[Data for the task — start]

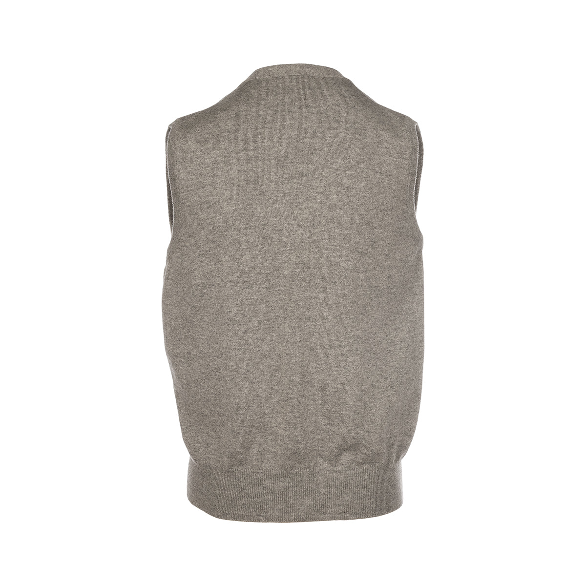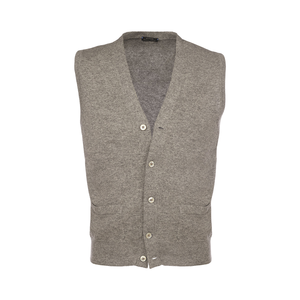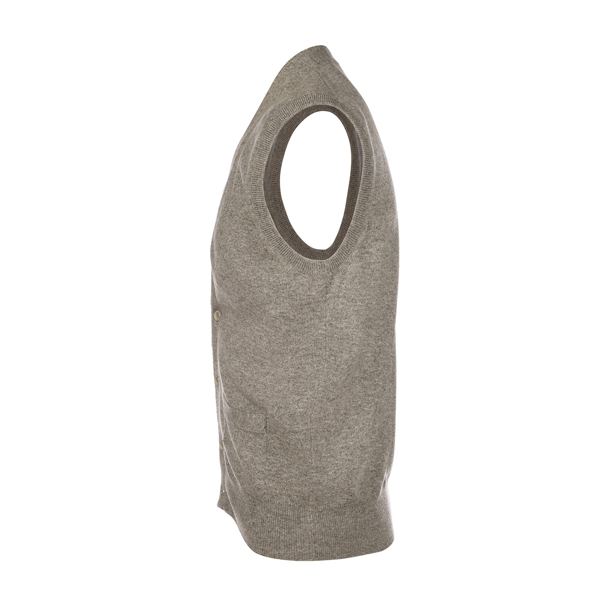 Beige cashmere waistcoat with buttons and two pockets. This garment is made in our artisan workshop on the shores of Lake Trasimeno. Perfect as a classic under-jacket.
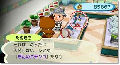 色々コンプには程遠く 昨日の話ですが、コンビニに初めて銀のパチンコが入荷!!普通のパチンコの隣にあったから、何これ?!というのが、正直な感想でしたよ(笑 後は、金の釣りざおとアミですねー。ま、一年がかりで頑張ります!w 昨日は、『しんぶんしのかぶと』をもらうために、全キャラ総動員でしたが、そんな中・・ゆり姉さんが 初物ゲットです♪ ゲンゴロウって水面にいるのね!!びっくりw ♥ More from my site2009-01-30 吃驚な展開で!2009-01-19 銀のオノ!2008-12-18 クローバーファーム2008-12-19 銀スコップの効果 By AKRMA | 2009-05-06 | 道具 | ← 迷子ちゃんとの一時 やっと会えたね! → 8 thoughts on “色々コンプには程遠く” AKRMA 2009-05-07 at 20:15 おお、一緒ですね!! やることが結構あって、大変です(笑 でも、楽しんで一つ一つ埋めていきましょう! また、遊びましょうねw AKRMA 2009-05-07 at 20:10 やっぱりやっちゃいました?(笑 アメンボは気がつくのだけど、あの陰影が微妙でしたものねw 私なんて、いまだにハチを捕まえれません>< 一年中いるから良かったけど、 期間限定だったら、多分季節が進んでいないかも^^; お互い頑張りましょうねーー! AKRMA 2009-05-07 at 20:08 あ、確かに!! かえる釣りも絶対に変ですね(笑 自慢すると、結構不気味な動きですよね。。 青カエルで良かった^^; AKRMA 2009-05-07 at 20:05 私も最初、おかしいなーって思っていたんですよ! で、あれっと思い網を使ったらあっさりでした(笑 そうですよね!!虫でした!! 陰影がちょっと不気味でしたが(笑 エフママ 2009-05-07 at 18:20 こっちもパチンコ ゲットでした いつかは スコップ埋めてほしい。。。。 ストローもまだです がんばらなくては>< あっきい 2009-05-07 at 14:06 こんにちは 私も先日、ゲンゴロウを初めて捕まえました!! 最初は釣り竿使用でした[絵文字:e-351] 今回はアミの使い方が難しくて、果たして1年でコンプ できるのか・・・?!ともう弱気になっています。 まのつくひと 2009-05-07 at 02:11 カエルが釣れるのもどうかと思うのです^^^^^ シーオンヌ 2009-05-07 at 01:30 私、ずっと竿で釣ってました・ だって川にいたので・・・。 虫だもの、あみですよね[絵文字:v-219]
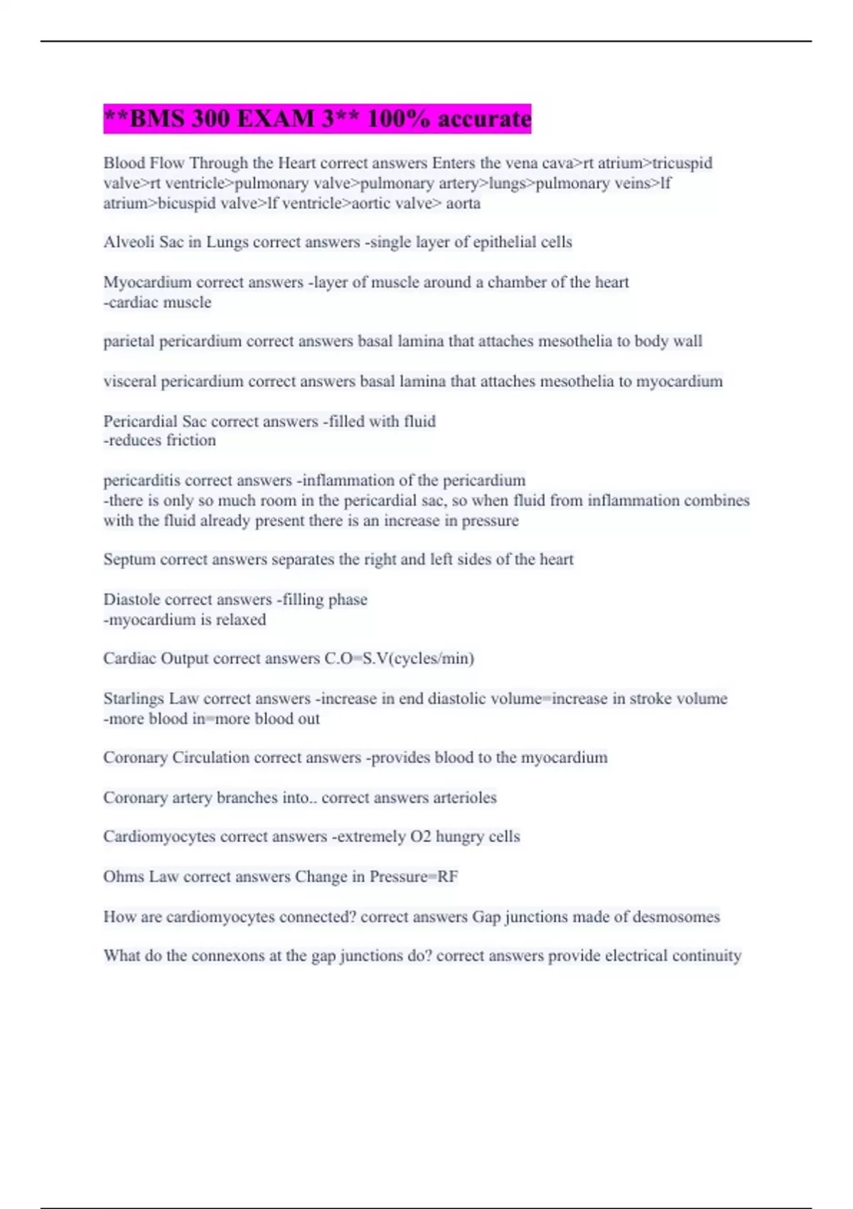 Blood Flow Through the Heart correct answers Enters the vena cava>rt atrium>tricuspid valve>rt ventricle>pulmonary valve>pulmonary artery>lungs>pulmonary veins>lf atrium>bicuspid valve>lf ventricle>aortic valve> aorta Alveoli Sac in Lungs correct answers -single layer of epithelial cells Myocardium correct answers -layer of muscle around a chamber of the heart -cardiac muscle parietal pericardium correct answers basal lamina that attaches mesothelia to body wall visceral pericardium correct answers basal lamina that attaches mesothelia to myocardium Pericardial Sac correct answers -filled with fluid -reduces friction pericarditis correct answers -inflammation of the pericardium -there is only so much room in the pericardial sac, so when fluid from inflammation combines with the fluid already present there is an increase in pressure Septum correct answers separates the right and left sides of the heart Diastole correct answers -filling phase -myocardium is relaxed Cardiac Output correct answers C.O=S.V(cycles/min) Starlings Law correct answers -increase in end diastolic volume=increase in stroke volume -more blood in=more blood out Coronary Circulation correct answers -provides blood to the myocardium Coronary artery branches into.. correct answers arterioles Cardiomyocytes correct answers -extremely O2 hungry cells Ohms Law correct answers Change in Pressure=RF How are cardiomyocytes connected? correct answers Gap junctions made of desmosomes What do the connexons at the gap junctions do? correct answers provide electrical continuity
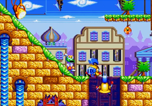 Most of the backgrounds for the levels looked good, but I just felt that they lacked something. Maybe they just weren’t full of vibrant colour that I have been used to with so many Mega Drive games. Then again, maybe the drabness was to emphasise the polluted state the Earth is in. Even so, the flags flying in the breeze in particular look very realistic.
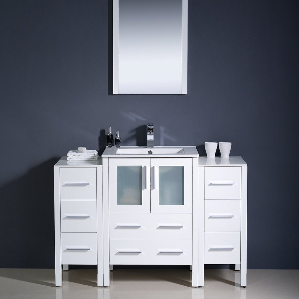 Fresca FVN62-122412WH-UNS Fresca Torino 48" White Modern Bathroom Vanity w/ 2 Side Cabinets & Integrated Sink
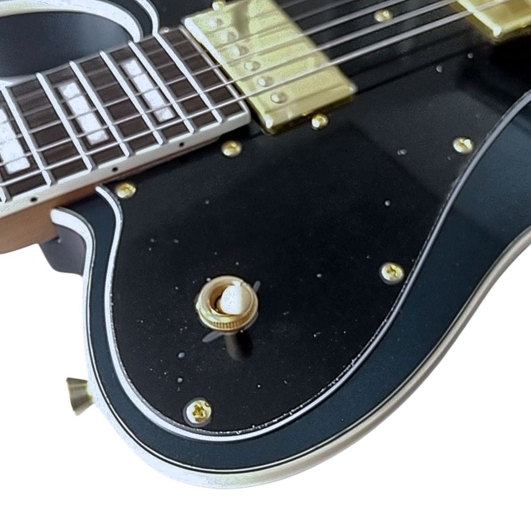 - ゴールドパーツ統一:ブリッジ、ストラップピンからヘッドロゴまで統一感のある金パーツ
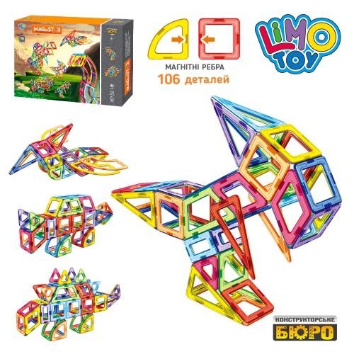 Конструктор LT2004 (4шт) магнітний, динозаври, 106дет, у кор-ці, 55-37-8см (шт.)
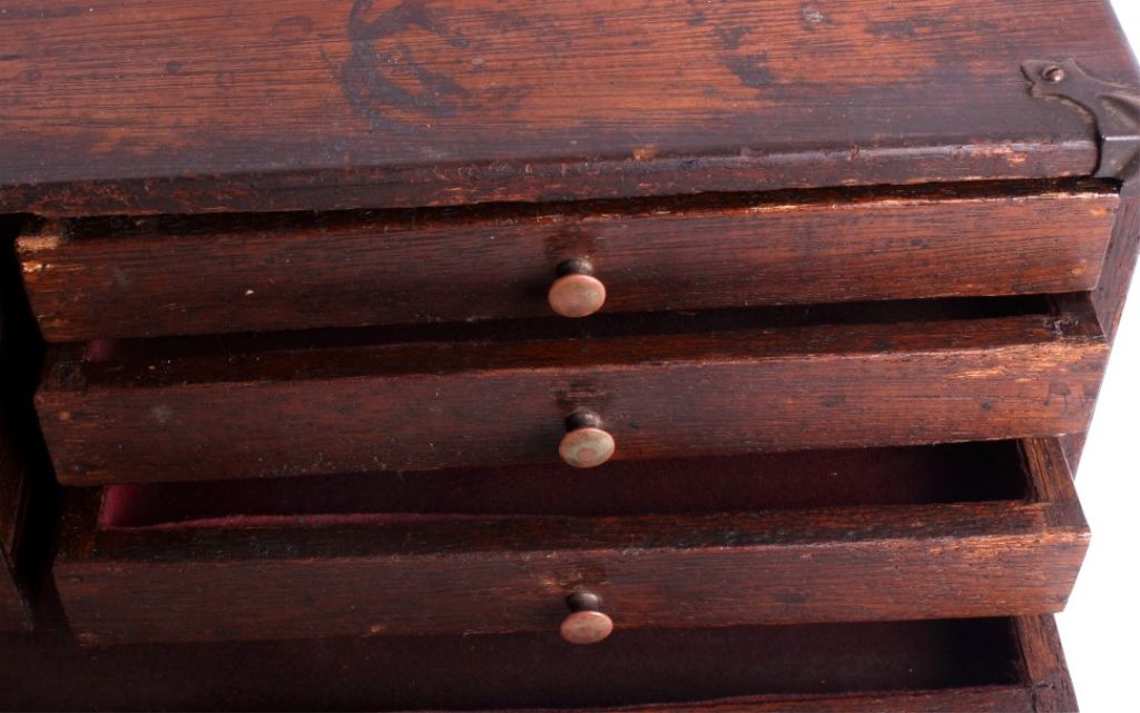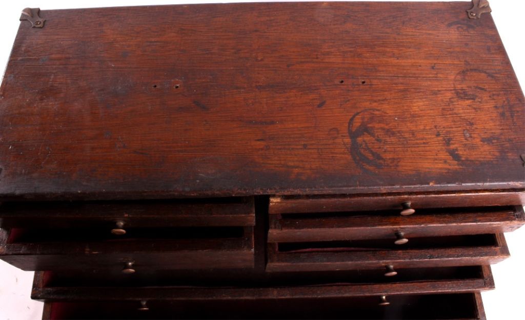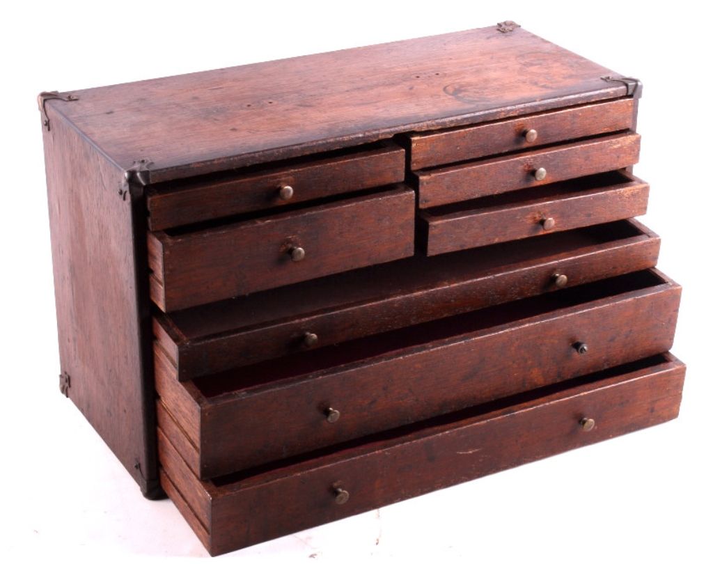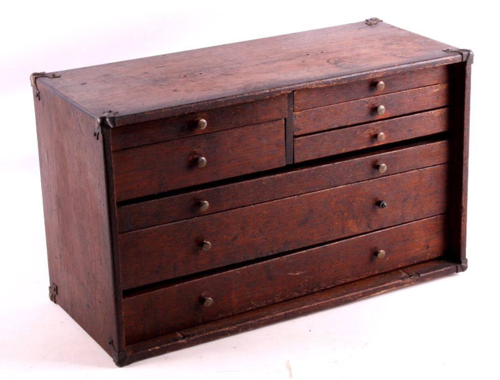 This is an antique wooden machinist tool chest. The tool chest does not have the front. There are 8 drawers of varying size. Each drawer is lined with felt. The antique machinist tool cabinet is in good condition. It measures 9" x 20.5" and is 12.5" tall.

[Data for the task — finish]

Output each record verbatim, but skip anything that is a picture.

[Task solution]:
 Beige cashmere waistcoat with buttons and two pockets. This garment is made in our artisan workshop on the shores of Lake Trasimeno. Perfect as a classic under-jacket.
 色々コンプには程遠く 昨日の話ですが、コンビニに初めて銀のパチンコが入荷!!普通のパチンコの隣にあったから、何これ?!というのが、正直な感想でしたよ(笑 後は、金の釣りざおとアミですねー。ま、一年がかりで頑張ります!w 昨日は、『しんぶんしのかぶと』をもらうために、全キャラ総動員でしたが、そんな中・・ゆり姉さんが 初物ゲットです♪ ゲンゴロウって水面にいるのね!!びっくりw ♥ More from my site2009-01-30 吃驚な展開で!2009-01-19 銀のオノ!2008-12-18 クローバーファーム2008-12-19 銀スコップの効果 By AKRMA | 2009-05-06 | 道具 | ← 迷子ちゃんとの一時 やっと会えたね! → 8 thoughts on “色々コンプには程遠く” AKRMA 2009-05-07 at 20:15 おお、一緒ですね!! やることが結構あって、大変です(笑 でも、楽しんで一つ一つ埋めていきましょう! また、遊びましょうねw AKRMA 2009-05-07 at 20:10 やっぱりやっちゃいました?(笑 アメンボは気がつくのだけど、あの陰影が微妙でしたものねw 私なんて、いまだにハチを捕まえれません>< 一年中いるから良かったけど、 期間限定だったら、多分季節が進んでいないかも^^; お互い頑張りましょうねーー! AKRMA 2009-05-07 at 20:08 あ、確かに!! かえる釣りも絶対に変ですね(笑 自慢すると、結構不気味な動きですよね。。 青カエルで良かった^^; AKRMA 2009-05-07 at 20:05 私も最初、おかしいなーって思っていたんですよ! で、あれっと思い網を使ったらあっさりでした(笑 そうですよね!!虫でした!! 陰影がちょっと不気味でしたが(笑 エフママ 2009-05-07 at 18:20 こっちもパチンコ ゲットでした いつかは スコップ埋めてほしい。。。。 ストローもまだです がんばらなくては>< あっきい 2009-05-07 at 14:06 こんにちは 私も先日、ゲンゴロウを初めて捕まえました!! 最初は釣り竿使用でした[絵文字:e-351] 今回はアミの使い方が難しくて、果たして1年でコンプ できるのか・・・?!ともう弱気になっています。 まのつくひと 2009-05-07 at 02:11 カエルが釣れるのもどうかと思うのです^^^^^ シーオンヌ 2009-05-07 at 01:30 私、ずっと竿で釣ってました・ だって川にいたので・・・。 虫だもの、あみですよね[絵文字:v-219]
 Blood Flow Through the Heart correct answers Enters the vena cava>rt atrium>tricuspid valve>rt ventricle>pulmonary valve>pulmonary artery>lungs>pulmonary veins>lf atrium>bicuspid valve>lf ventricle>aortic valve> aorta Alveoli Sac in Lungs correct answers -single layer of epithelial cells Myocardium correct answers -layer of muscle around a chamber of the heart -cardiac muscle parietal pericardium correct answers basal lamina that attaches mesothelia to body wall visceral pericardium correct answers basal lamina that attaches mesothelia to myocardium Pericardial Sac correct answers -filled with fluid -reduces friction pericarditis correct answers -inflammation of the pericardium -there is only so much room in the pericardial sac, so when fluid from inflammation combines with the fluid already present there is an increase in pressure Septum correct answers separates the right and left sides of the heart Diastole correct answers -filling phase -myocardium is relaxed Cardiac Output correct answers C.O=S.V(cycles/min) Starlings Law correct answers -increase in end diastolic volume=increase in stroke volume -more blood in=more blood out Coronary Circulation correct answers -provides blood to the myocardium Coronary artery branches into.. correct answers arterioles Cardiomyocytes correct answers -extremely O2 hungry cells Ohms Law correct answers Change in Pressure=RF How are cardiomyocytes connected? correct answers Gap junctions made of desmosomes What do the connexons at the gap junctions do? correct answers provide electrical continuity
 Most of the backgrounds for the levels looked good, but I just felt that they lacked something. Maybe they just weren’t full of vibrant colour that I have been used to with so many Mega Drive games. Then again, maybe the drabness was to emphasise the polluted state the Earth is in. Even so, the flags flying in the breeze in particular look very realistic.
 Fresca FVN62-122412WH-UNS Fresca Torino 48" White Modern Bathroom Vanity w/ 2 Side Cabinets & Integrated Sink
 - ゴールドパーツ統一:ブリッジ、ストラップピンからヘッドロゴまで統一感のある金パーツ
 Конструктор LT2004 (4шт) магнітний, динозаври, 106дет, у кор-ці, 55-37-8см (шт.)
 This is an antique wooden machinist tool chest. The tool chest does not have the front. There are 8 drawers of varying size. Each drawer is lined with felt. The antique machinist tool cabinet is in good condition. It measures 9" x 20.5" and is 12.5" tall.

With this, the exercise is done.